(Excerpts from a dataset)
+++

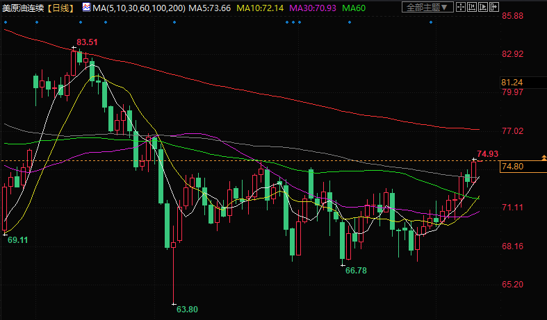 美原油现报74.80美元/桶。
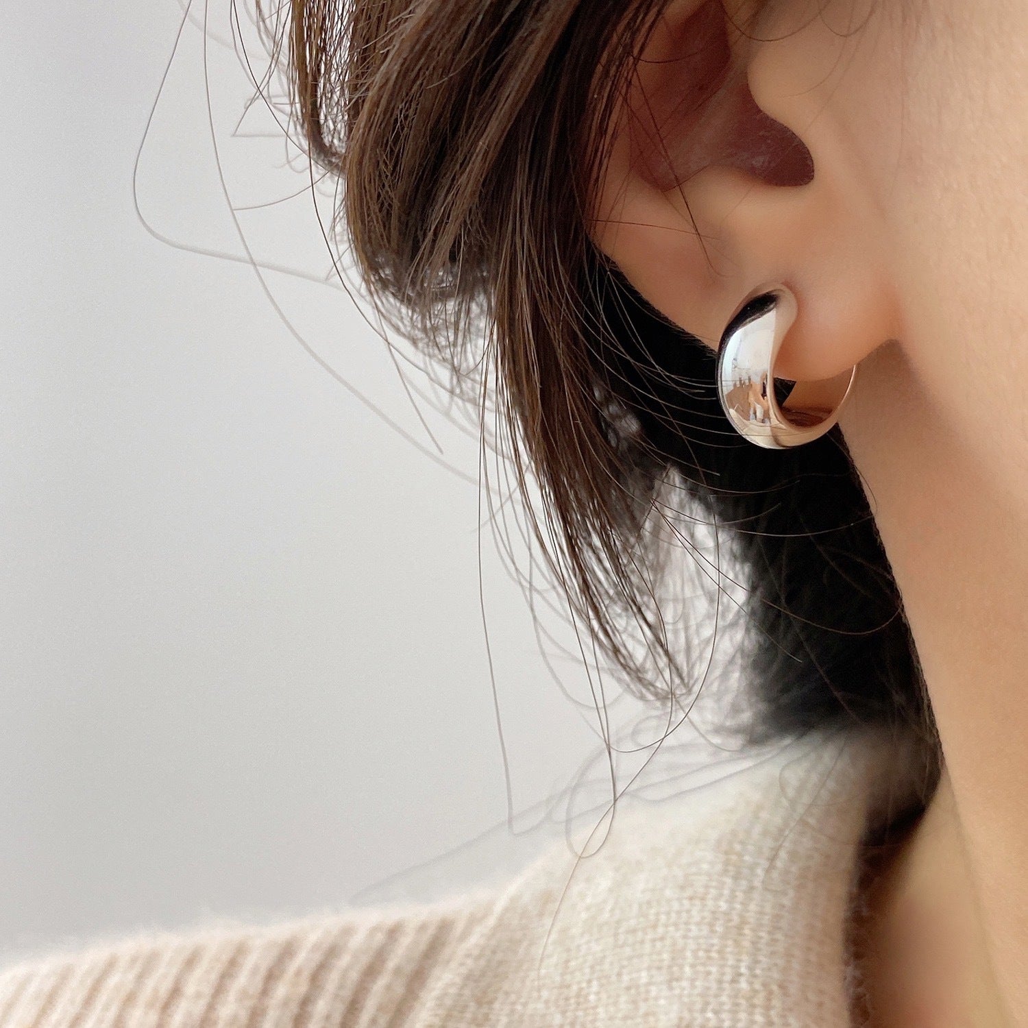 Gold-plated Small Solid Shaped Bean-shaped Sier Needle Earrings
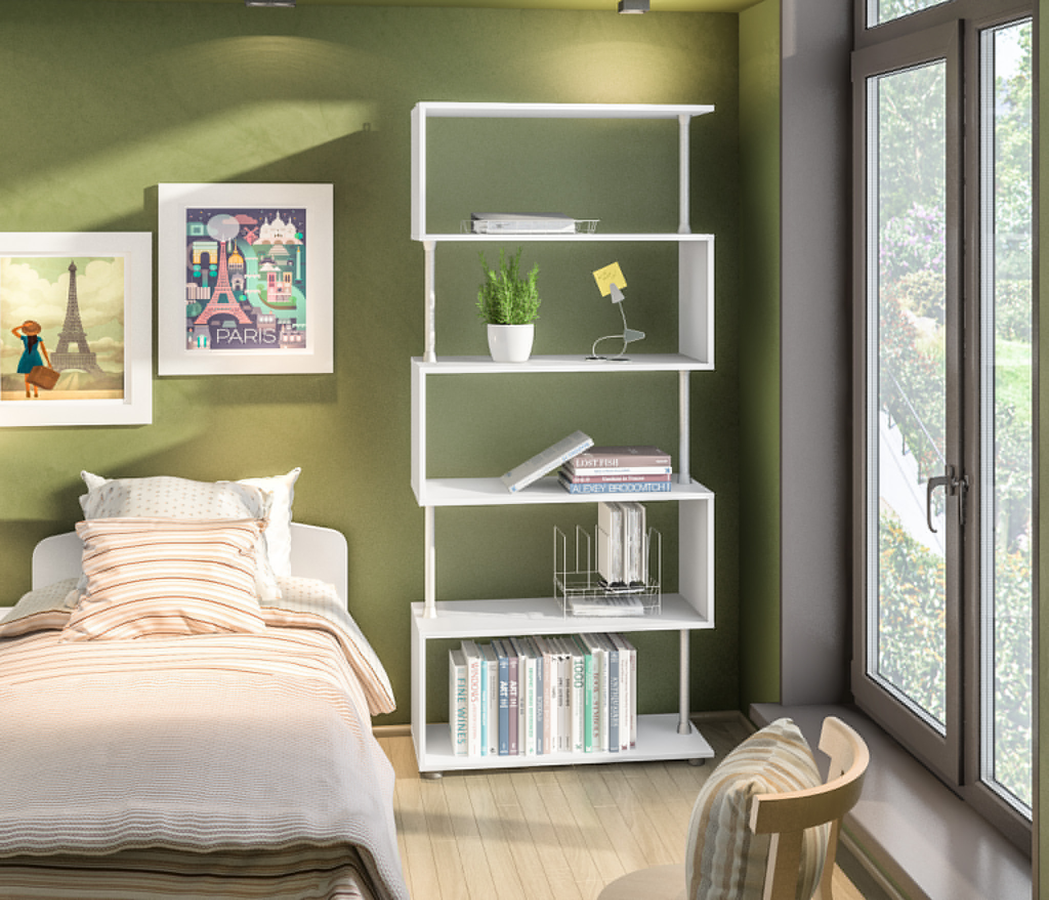 Открытые стеллажи в спальню
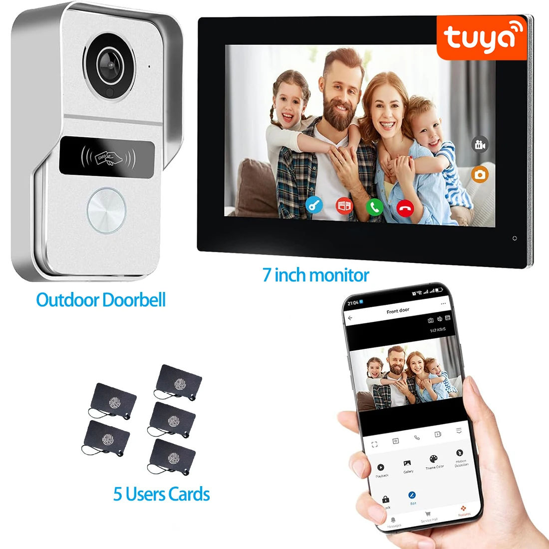 Product Description 7 Inch Tuya Video Doorbell WiFi Outdoor Door Bell Waterproof IP65 Intercom Smart Home Door Phone Camera 2-Wire Digital Video Intercom Kit – See, Talk, & Unlock from Anywhere! Bullet Points: ✅ 7″ or 10.1″ IPS Touchscreen – Crystal Clear Video & Easy Control ✅ 2-Wire Setup – No Polarity, Easy DIY Installation in Minutes! ✅ Smart Human Detection – Auto-Record Videos/Photos When Someone Approaches ✅ Free App Control – Answer Calls & Unlock Doors from Your Phone, Anywhere! ✅ RFID & Smart Badges – Keyless Entry for Your Family ✅ Connect up to 24 Cameras –Expand Your Home Security System ✅ Weatherproof & Durable – IP54 Rated, Works from -30°C to +70°C Why Choose Our Video Intercom Kit? uD83DuDD39 Easy Installation & No Polarity Forget complicated wiring! With just 2 wires and no polarity issues, you can install this system yourself – no electrician needed. Save time and money! uD83DuDD39 See & Speak to Visitors in HD Whether it’s a delivery person, a guest, or a stranger, you’ll see them clearly on a 7″ IPS touchscreen. Day or night, the wide-angle camera and IR LEDs ensure a sharp image. uD83DuDD39 Smart Human Detection & Recording The intercom panel detects people automatically and can record video or take photos – so you always know who came by. Set motion zones to avoid false alerts. uD83DuDD39Control Everything from Your Phone Download the Tuya Smart / Smart Life App and connect your intercom to Wi-Fi. Answer calls from anywhere Unlock the door or gate remotely Share access with up to 20 app users View live footage and playback from your phone uD83DuDD39Keyless Entry with RFID Badges Includes 5 RFID badges for keyless access. Just tap to unlock – perfect for family members or trusted visitors. uD83DuDD39 Expandable & Compatible Add up to 24 ONVIF or RTSP cameras to the same system. Perfect for growing your smart home security network. Specification Parameter Specification Monitor Screen 7-inch IPS Touchscreen Camera Resolution 2 Megapixels (CMOS Color Sensor) Video Quality 1024 x 600 px, H.264 Decoding Connectivity 2.4 GHz Wi-Fi (IEEE 8111 b/g/n) Power Supply 24V, 1A (Shared for 1 panel & 2 monitors) Power Consumption Monitor: 3.5W App Support Tuya Smart / Smart Life (Up to 20 users) Smart Features Human Detection, Motion Zones, Auto Photo/Video Recording Access Control RFID Badges (5 included, supports up to 100), Remote App Unlock Wiring Simple 2-Wire Setup (No Polarity) Weatherproof IP54 Rated (Suitable for Outdoor Use) Operating Temp. -30°C to +70°C
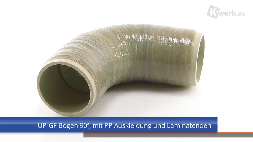 UP-GF-PP Bogen 90° DIN 16 966, Form E1, Rohrtyp B, Liner PP, mit Laminatende, PN 16

+++

BRIEF:
Which part of the entries opens with the line containing "Gold-plated Small Solid" and closes with the line containing "Открытые стеллажи в спальню"? Output that part exactly, ends included, pictures excluded.

WRITTEN ANSWER:
 Gold-plated Small Solid Shaped Bean-shaped Sier Needle Earrings
 Открытые стеллажи в спальню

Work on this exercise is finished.